Associations between intra-arrest blood glucose level and outcomes of adult in-hospital cardiac arrest: A 10-year retrospective cohort study

Resuscitation. 2020 Jan 1:146:103-110. doi: 10.1016/j.resuscitation.2019.11.012. Epub 2019 Nov 28.

Abstract

Aim: We attempted to examine the association between intra-arrest blood glucose (BG) level and outcomes of in-hospital cardiac arrest (IHCA). The interaction between diabetes mellitus (DM) and BG level as well as between dextrose administration and BG level were investigated.

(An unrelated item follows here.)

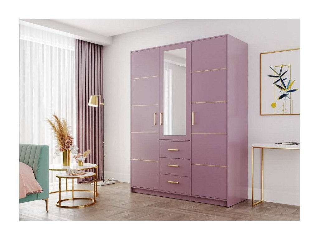 CASA 31004 Šatní skříň 3-dveřová v moderním provedení. Korpus i dvířka jsou z kvalitního LTD v barvě pastelově fialová. Skříň obsahuje praktické zrcadlo. Dveře skříně jsou dekorovány tenkými černými lamelami. Uspořádání polic viz. perokresba. Dodáváme v demontovaném stavu.

Methods: This single-centred retrospective study reviewed IHCA patients between 2006 and 2015. Patients with measured intra-arrest BG levels were included. Multivariable logistic regression analyses were conducted. Generalised additive models were used to identify appropriate cut-off points for continuous variables. Interactions between independent variables were assessed during the model-fitting process.

Results: Among the 580 included patients, 34 (5.9%) achieved neurologically intact survival. There were 197 DM patients (34.0%). The mean intra-arrest BG level was 191.5 mg/dl, with 57 patients (9.8%) experiencing hypoglycaemia (BG level ≤ 70 mg/dl). A total of 165 patients (28.4%) received a dextrose injection. An intra-arrest BG level ≤ 150 mg/dl was inversely associated with favourable neurological outcomes at hospital discharge (odds ratio [OR]: 0.28, 95% confidence interval [CI]: 0.11-0.73; p-value = 0.01). In analyses of interactions, non-DM × BG level ≤ 168 mg/dl was inversely associated with favourable neurological outcomes (OR: 0.30, 95% CI: 0.11-0.80; p-value = 0.02). There were no significant interactions between BG level and dextrose administration.

Conclusion: IHCA patients with intra-arrest BG level ≤ 150 mg/dl had worse neurological recovery. Intra-arrest hypoglycaemia might be a marker of critical illness. Dextrose administration was not shown to improve outcomes of IHCA patients with intra-arrest BG level ≤ 150 mg/dl, indicating the need to develop new therapeutics other than dextrose administration for these patients.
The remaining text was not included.